Let the PGAC with these parameters and SCAD proximal mapping (39) or MCP proximal mapping (41) output \(x^*\). Then (10) is satisfied.

Theorem 4

Suppose that A satisfies the 3s-RIP. Let \(\{x^k\}\) be a sequence generated by the PGAT with SCAD proximal mapping (39) or MCP proximal mapping (41) and stepsize (24).

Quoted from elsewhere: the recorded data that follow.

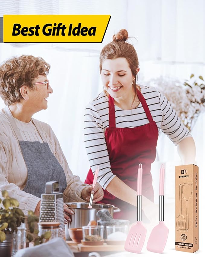 Pack of 2 Silicone Solid Turner, Non Stick Slotted Kitchen Spatulas, High Heat Resistant BPA Free Cooking Utensils, Ideal Cookware for Fish, Eggs, Pancakes(Pink)
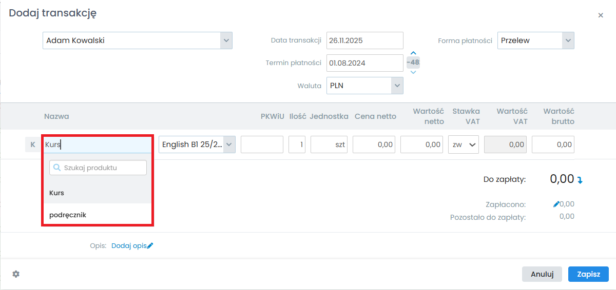 Dodając towar typu kurs, nie wpisuj jego ceny. System sam wyliczy należność w oparciu o stawkę w grupie. Przy rozliczaniu kursanta i dodawaniu wpłaty, wybierz towar o typie kurs – system wyszuka grupę do której student jest zapisany oraz zajęcia wygenerowane w tej grupie i na tej podstawie zaciągnie dane o wysokości należności.
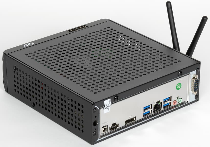 При этом моноблоки — все-таки по-прежнему вещь в себе. Даже если говорить про модели на десктопных комплектующих, всё равно остается привязка к конкретной ЖК-матрице, что на деле устраивает далеко не всех. Full HD с диагональю в районе 24” — давно уже своеобразный стандарт де-факто, однако спросом пользуются и бо́льшие диагонали. Но таких моноблоков куда меньше, а среди бюджетных моделей — совсем мало. Поэтому зачастую лучше раздельный подход. А чтоб не терять в компактности, можно приобрести мини-ПК вместо «большого» системного блока. Разумеется, это накладывает ограничения и на его «начинку», однако несложно заметить, что большинство самых продаваемых компьютеров таковы, что... В маленький корпус тоже поместятся. Лучше всего продаются процессоры среднего класса, в большинстве компьютеров лишь один накопитель (реже — два), дискретная графика стала уже отличительной особенностью специализированных (хотя бы игровых) компьютеров, но массовый покупатель прекрасно обходится и без нее. Когда-то лимитирующим фактором оказывались размеры привода оптических дисков, но и оптика уже с массового рынка ушла. Поэтому зачастую оптимальным решением оказывается что-нибудь типа Hiper M9. Который, по сути, обычный массовый десктоп — просто маленький.
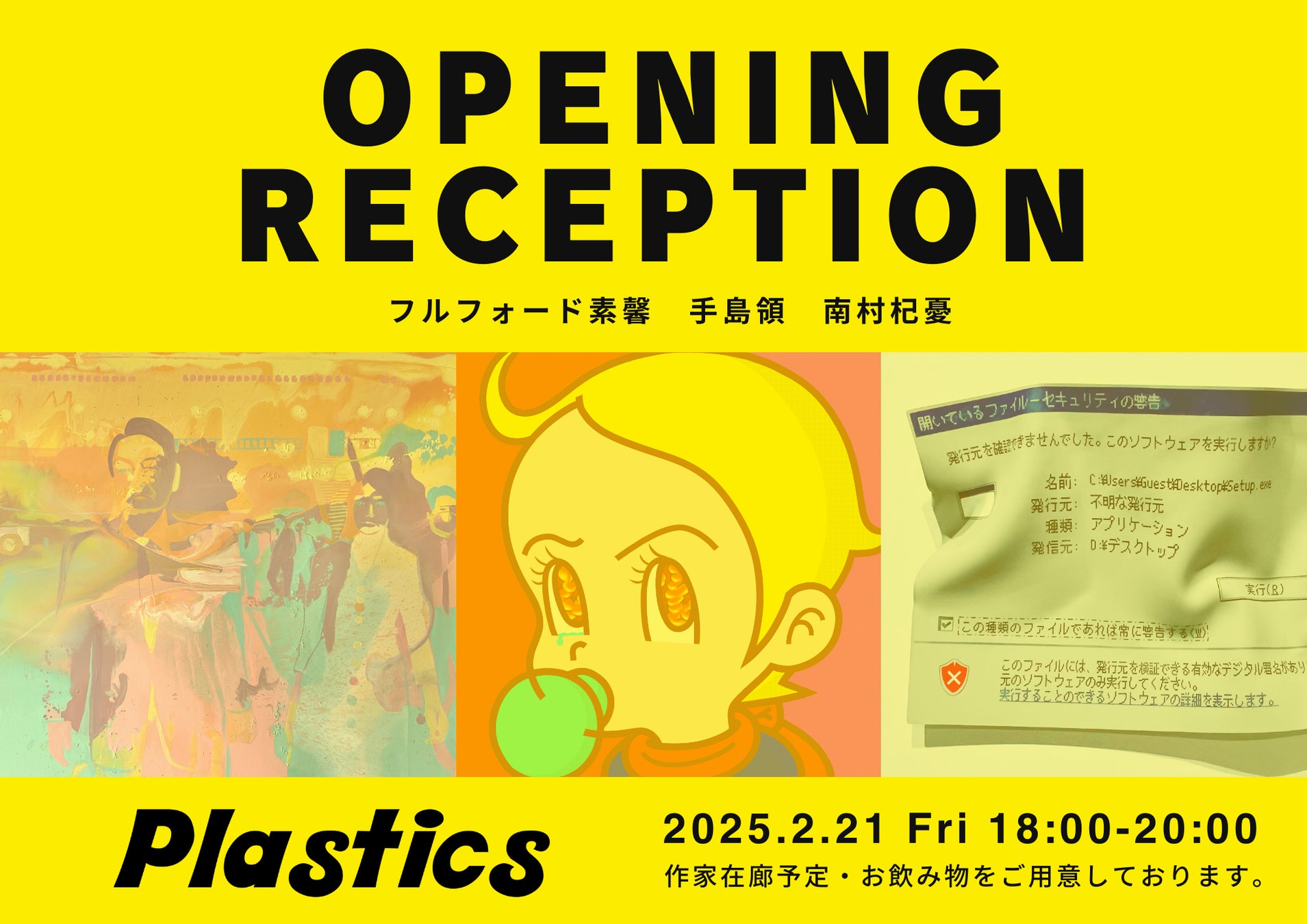 今注目のアーティスト・手島領、南村杞憂、フルフォード素馨による3人展「Plastics」を開催 !

Then \(\{x^k\}\) converges approximately to \({\bar{x}}\) at a geometric rate; particularly,

$$\begin{aligned} \Vert x^k - {\bar{x}}\Vert \le \rho ^{k}\Vert x^0 - {\bar{x}}\Vert + \frac{2v}{1-\rho } (\sqrt{1+\delta _{2s}} \Vert \varepsilon \Vert +\sqrt{2s} \lambda ), \end{aligned}$$

where \(\rho := 2(1-v + v\delta _{3s}) \in (0,1)\).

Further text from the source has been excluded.